Whether you're good with two miles or you regularly clock a 10-K before breakfast, you know: Runners are a special breed of crazy—in a good way. Here are 16 weird, wild, and kind of hilarious things only runners get:
Your hourly weather app gets more action than your partner.Refresh...refresh again. Because how else are you supposed to know when you can squeeze in a few miles between thunderstorms?
You have special run-derwear—and they're total granny panties that you wouldn't be caught dead in otherwise.
You've definitely canceled plans to go for a run. Happy hour can wait. Your run can't.
You know way too much about running ailments. IT band pain? Please. You could treat that in your sleep.
You have a permanent sports bra tan line...even though you run in the early morning...wearing SPF 50.
You squeeze stretching into your everyday routine. Hey, shaving is the perfect time to loosen up your hammies.
You regularly use your T-shirt as a backup tissue/sweat mop. It's basically the only reason you wear one on a hot day.
You've painted toenail polish on your skin where a toenail used to be. What else are you supposed to do when you lose them on the regular?
You always know exactly how far you just ran. Running GPS: Best. Invention. Ever.
You hang your running shorts out to dry after workouts...without washing them first. They're good for at least three runs before they hit the washer.
You use your sports bra as a handbag. It makes an excellent one: Smart phone, credit card, cash, ear buds—they've all taken a ride in there.
You have zero issues having sex right after a run. You're already sweaty, so...

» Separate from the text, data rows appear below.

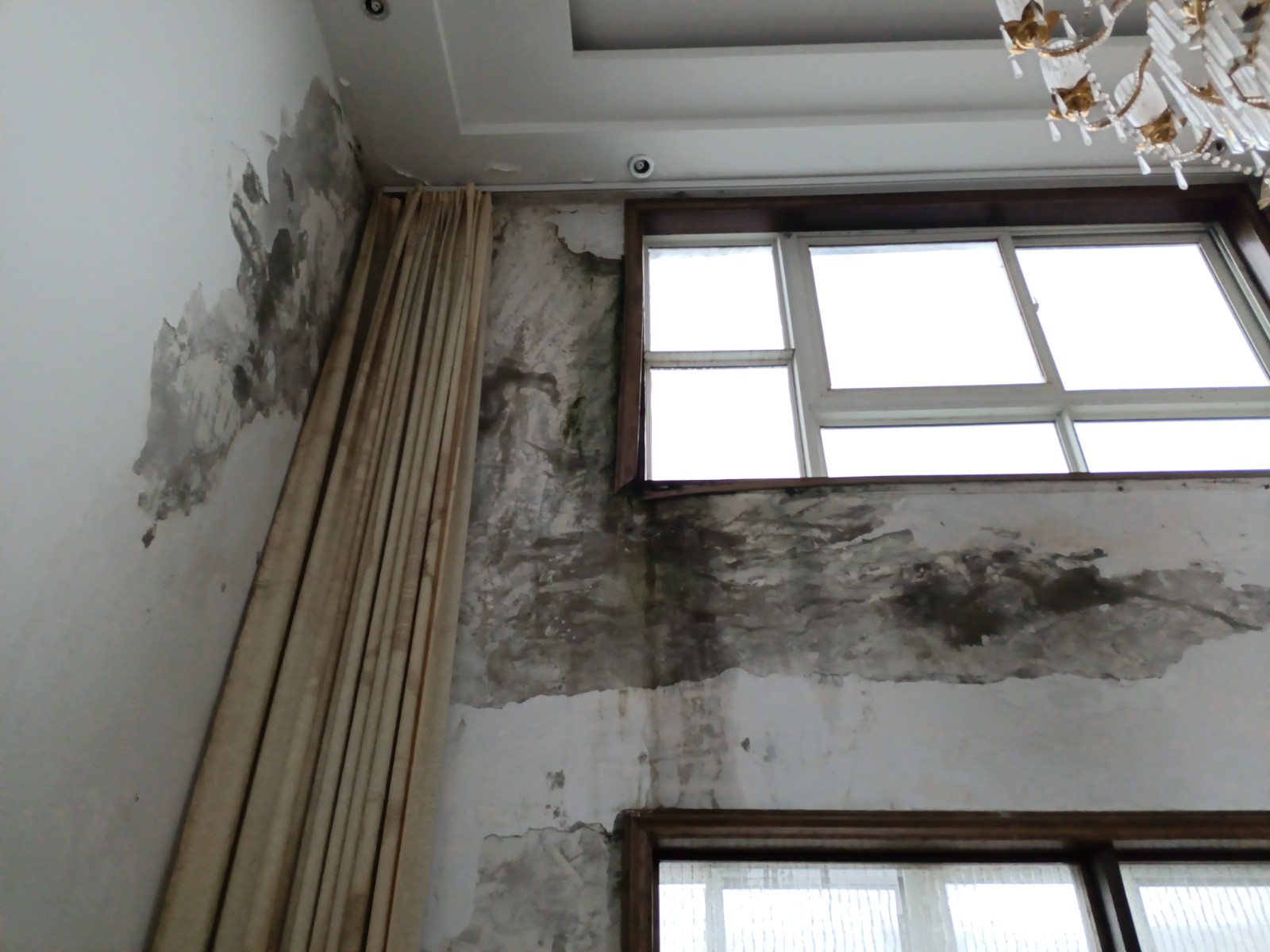 这些年爸妈一直在外地打工,很少回来。我和弟弟也一直在外地上学,近几年我因为生了大病不能外出住在小区。住的时候才发现,小区建的时候楼顶防水没做好,一到下雨,两个阳台、两个太阳能平台、全部往下渗水。无论是六楼还是阁楼房间的墙皮全部泡水脱落,家具也泡坏了。尤其是客厅的顶楼,一下雨,水沿着墙壁往下流得屋里都是。门和窗都泡坏了。向物业反应,他们说这不是他们的事。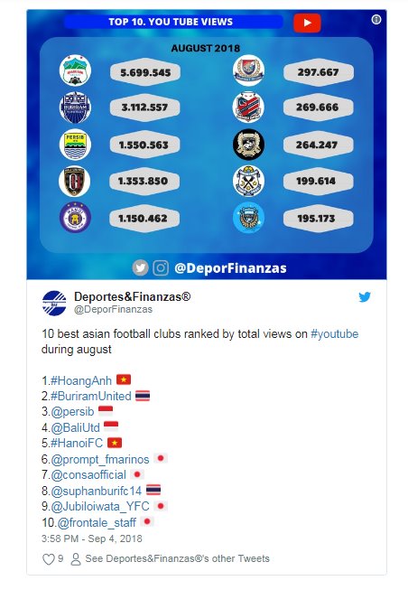 Tuy nhiên, kênh YouTube của HAGL lại tỏ ra vượt trội hơn hẳn khi bỏ xa Buriram United (đội bóng xếp thứ 2) tới hơn 2 triệu lượt xem. Trước đó, kênh YouTube của đội bóng Phố núi cũng từng dẫn đầu ở BXH này vào tháng 6 và tháng 7, thời điểm World Cup 2018 diễn ra.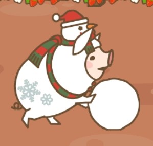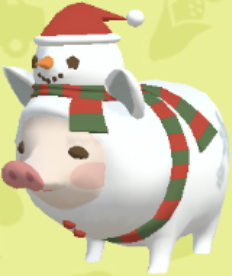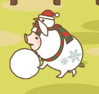 | 3D | ホワイトクリスマスに憧れている ロマンチストな豚。雪だるまの格 好をしているが寒さは苦手なので カイロが手放せない。12月の豚。 |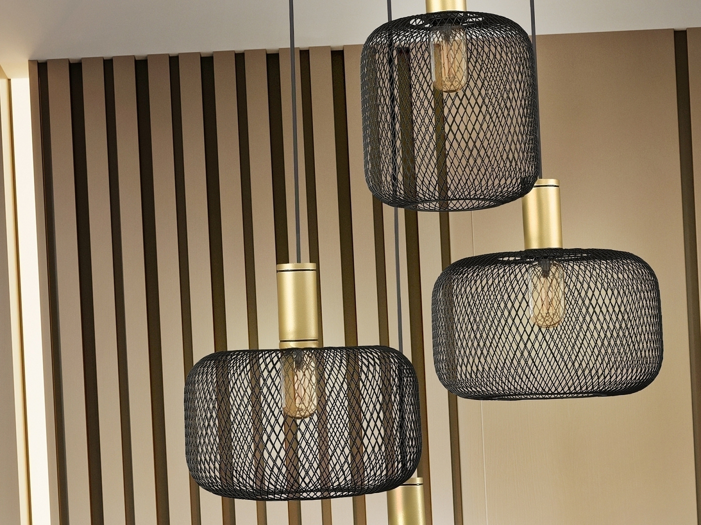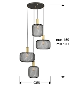 Круглый светильник из 4 ламп из металла. Включает в себя 2 дизайна металлических сетчатых абажуров. Матовая черно-золотая окраска. Кабель в черной текстильной оболочке. ·Этот товар включает в себя 4 светодиода E27 мощностью 8 Вт. DIMABLE.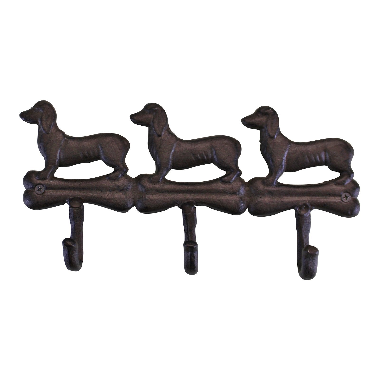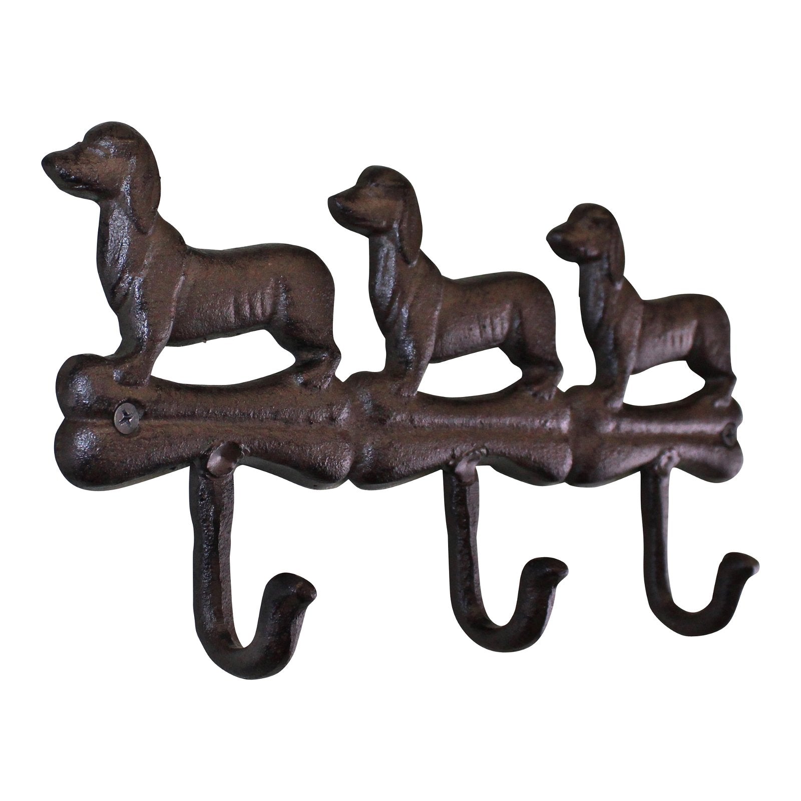 Rustic Cast Iron Wall Hooks, Sausage Dog Design With 3 Hooks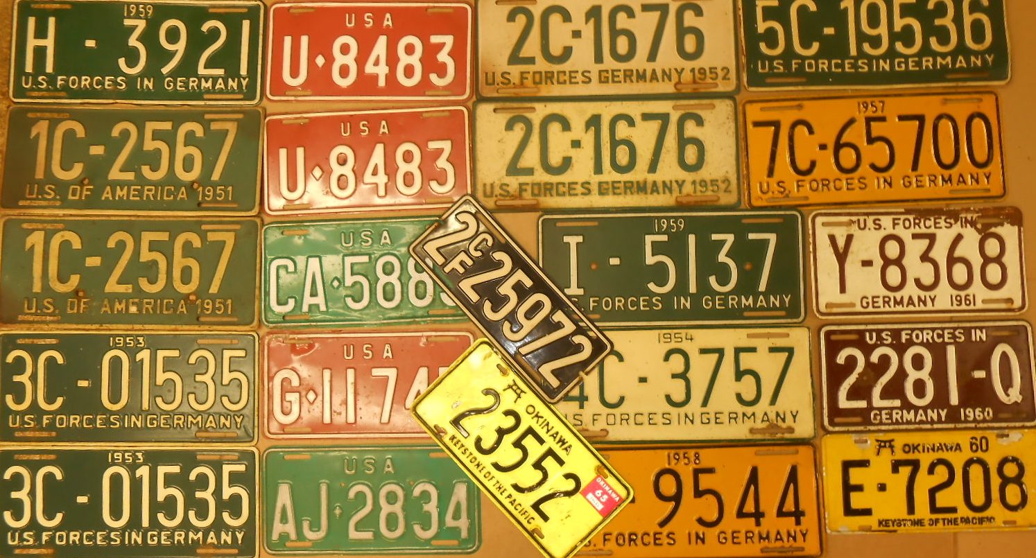 Twenty three single, two and three digit plates from US and Canada, 1950’s-1960’s

You've peed outside a ton. When you've got to go, and all that.
Sweaty running hair doesn't faze you. Just unwind it from a top knot after a run, blow dry the sweat out, and you're good to go to the office! You like to think of it as your "special running hairdo."
You always overpack when you travel. And we're not talking tank tops, jeans, and ballet flats—between running shorts, shoes, sports bras, socks, and an extra sweatshirt (no freaking way are you taking the day off if it’s chilly!), you've got about three square inches in your suitcase for those other things.
You feel off on days off. Life just isn't the same without your daily sweat fest.